Ingredients You’ll Need
Here’s what goes into this crunchy, creamy, flavor-packed bowl of joy:
For the Salad:
- ¾ cup quinoa, uncooked (makes ~2+ cups cooked)
- 1 cup red cabbage, shredded (heaping is totally allowed)
- 1 red bell pepper, diced
- ¼ cup red onion, chopped
- 1 cup carrots, shredded
- 1 cup edamame, shelled (buy them frozen and toss into boiling water for a minute or two!)
- ½ cup fresh cilantro, chopped
- 2 green onions, chopped
- ½ cup cashews, halved
For the Dressing:
- ¼ cup creamy peanut butter (crunchy or smooth, live your truth)
- 2 tsp freshly grated ginger
- 3 Tbsp low-sodium soy sauce
- 1 Tbsp honey (or maple syrup for vegan)
- 1 Tbsp red wine vinegar
- 1 tsp sesame oil
- 1 tsp olive oil
- 1 tsp Sriracha (or more if you like it hot)
- Water to thin as needed
How to Make Thai Quinoa Salad
Step 1: Cook the Quinoa
Follow the directions on your quinoa package. Let it cool—warm quinoa can wilt your veggies, and not in a cute way.
Pro tip: Cook your quinoa in veggie broth instead of water for an extra layer of flavor.
Step 2: Whip Up the Dressing
Microwave the peanut butter and honey for 10–20 seconds so it stirs easily. Add ginger, soy sauce, vinegar, sesame oil, olive oil, and sriracha. Mix until smooth and creamy. If it’s too thick, thin it with a splash of water or more olive oil.
Taste test and adjust spice. Add more Sriracha if you’re feeling bold. No judgment.
Step 3: Toss the Quinoa
Pour half the dressing over the cooled quinoa and toss to coat.
Step 4: Mix the Veggies
In a large bowl, combine red pepper, red onion, cabbage, carrots, edamame, and cilantro.

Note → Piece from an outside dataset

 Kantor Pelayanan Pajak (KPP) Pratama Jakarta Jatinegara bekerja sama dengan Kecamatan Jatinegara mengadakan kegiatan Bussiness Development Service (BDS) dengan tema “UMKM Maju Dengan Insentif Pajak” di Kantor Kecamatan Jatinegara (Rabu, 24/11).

Add in the dressed quinoa and toss again. Use as much of the remaining dressing as you like—it’s your salad, your rules.
Step 5: Garnish & Serve
Top with cashews and green onions for that final pop of crunch and color.
Serve immediately or chill for later—this salad actually gets better as it sits!
Tips for the Best Thai Quinoa Salad
- Let it chill – If you have time, let the salad sit in the fridge for an hour before serving. The flavors deepen, and the crunch stays crisp.
- Adjust the spice – Like it spicy? Add extra Sriracha or toss in a diced jalapeño.
- Nut-free version? – Sub sunflower seed butter and roasted pumpkin seeds for a safe alternative.
- Add greens – Toss in baby spinach or arugula for an extra nutritional boost.
- Add chicken – For an extra protein punch, grilled chicken works beautifully with the Thai flavors.
A Quick Story From My Kitchen
This salad became a meal-prep hero in my house the first time I made it for a girls’ brunch. Everyone wanted the recipe—even the friend who usually picks out the cilantro.
Now, it’s a staple for those “I should eat something healthy but I want it to taste good” kind of days. You know the ones.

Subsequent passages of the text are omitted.